* [Exercise goal] Leaving out the pictures, please reproduce exactly and only the lines from the one that contains "This medium size" through the last line below.

### Given material

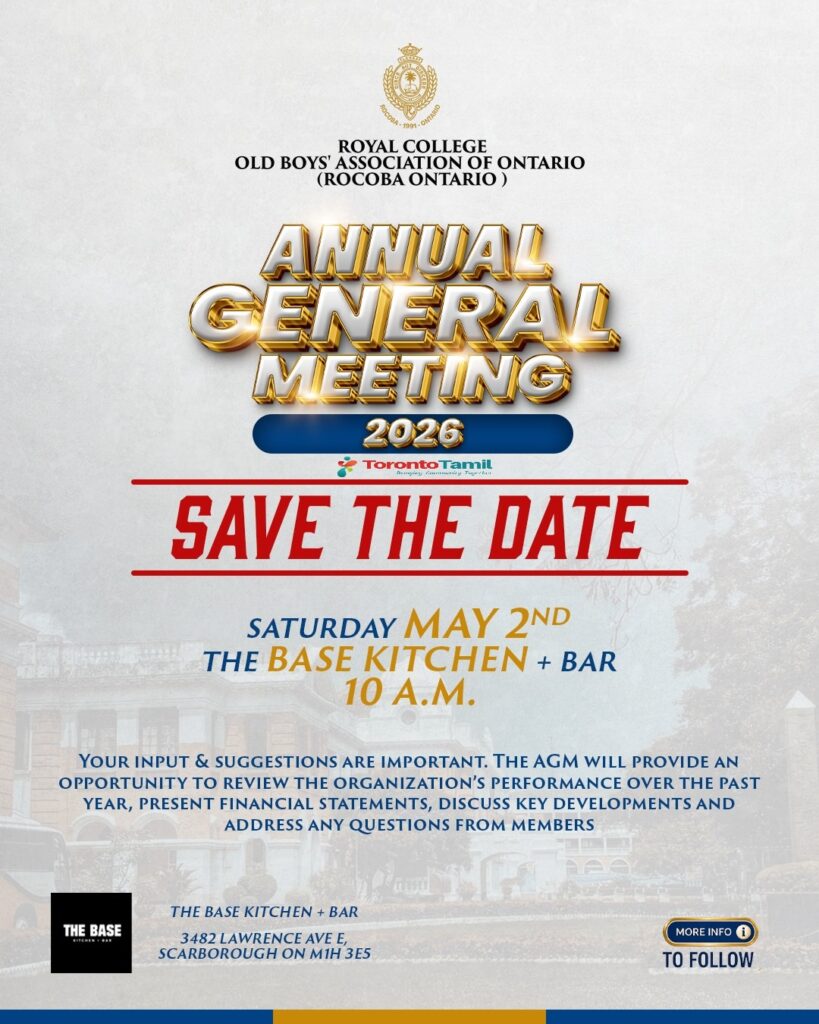 The Royal College Old Boys’ Association of Ontario Annual General Meeting 2026 is set for Saturday, May 2nd at 10 a.m. at The Base Kitchen + Bar, Scarborough.
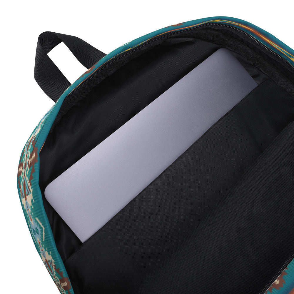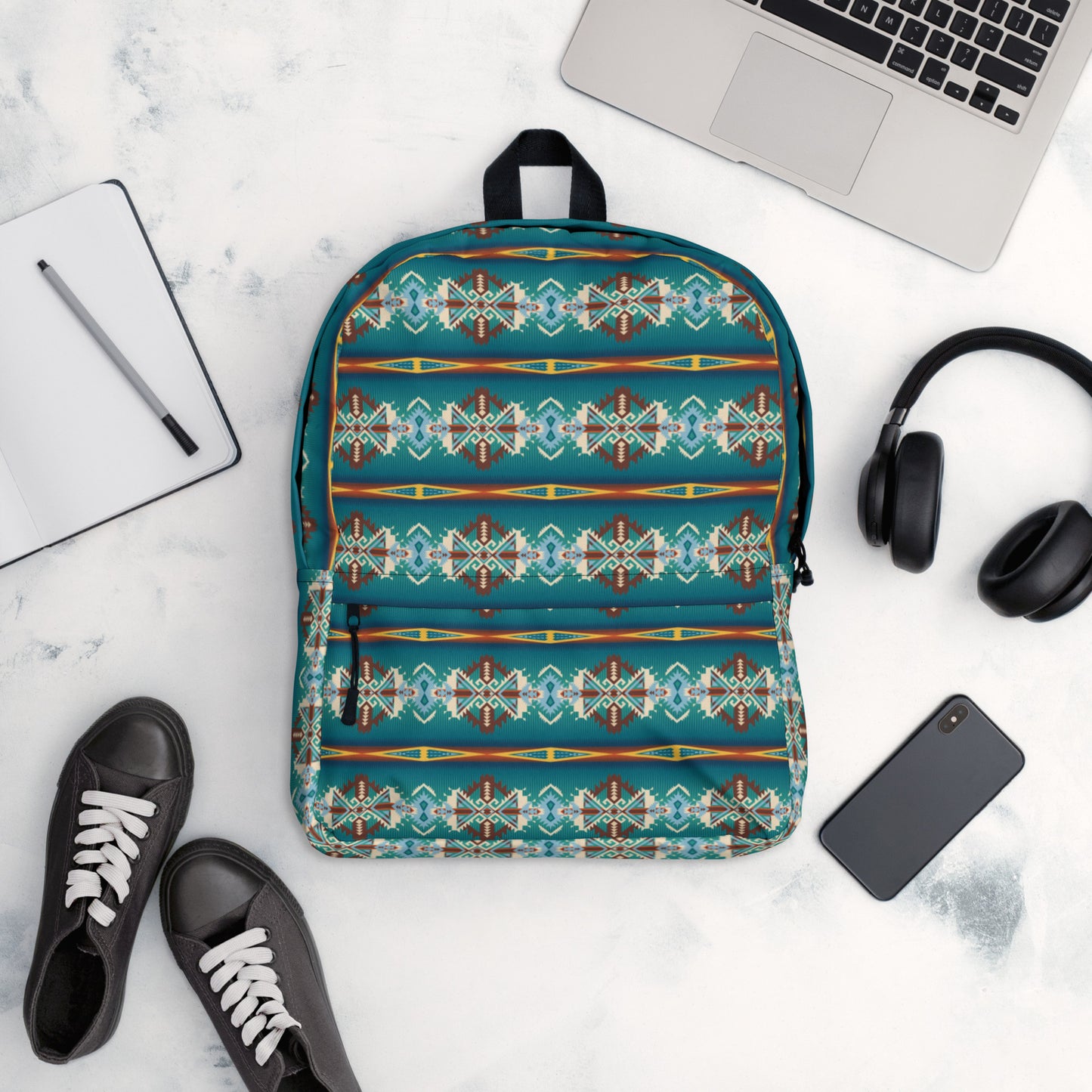 This medium size backpack has plenty of room with a big inner pocket, separate section for a 15'' laptop, front pocket, and a hidden pocket at the back for valuables. The bag is made out of a water-resistant material, which means your all-over print designs will stay crisp and fresh no matter the weather!
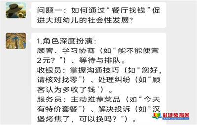 教育熱點:近期,躍進(jìn)幼兒園開展了一場別開生面的線上讀書活動,教師們圍繞《幼兒園自主游戲觀察與記錄》中“餐廳找錢”“爭當(dāng)收銀員”“愛請客的小貝”三個大班案例展開深入研討。活動中,

######

* [Answer]
 This medium size backpack has plenty of room with a big inner pocket, separate section for a 15'' laptop, front pocket, and a hidden pocket at the back for valuables. The bag is made out of a water-resistant material, which means your all-over print designs will stay crisp and fresh no matter the weather!
 教育熱點:近期,躍進(jìn)幼兒園開展了一場別開生面的線上讀書活動,教師們圍繞《幼兒園自主游戲觀察與記錄》中“餐廳找錢”“爭當(dāng)收銀員”“愛請客的小貝”三個大班案例展開深入研討。活動中,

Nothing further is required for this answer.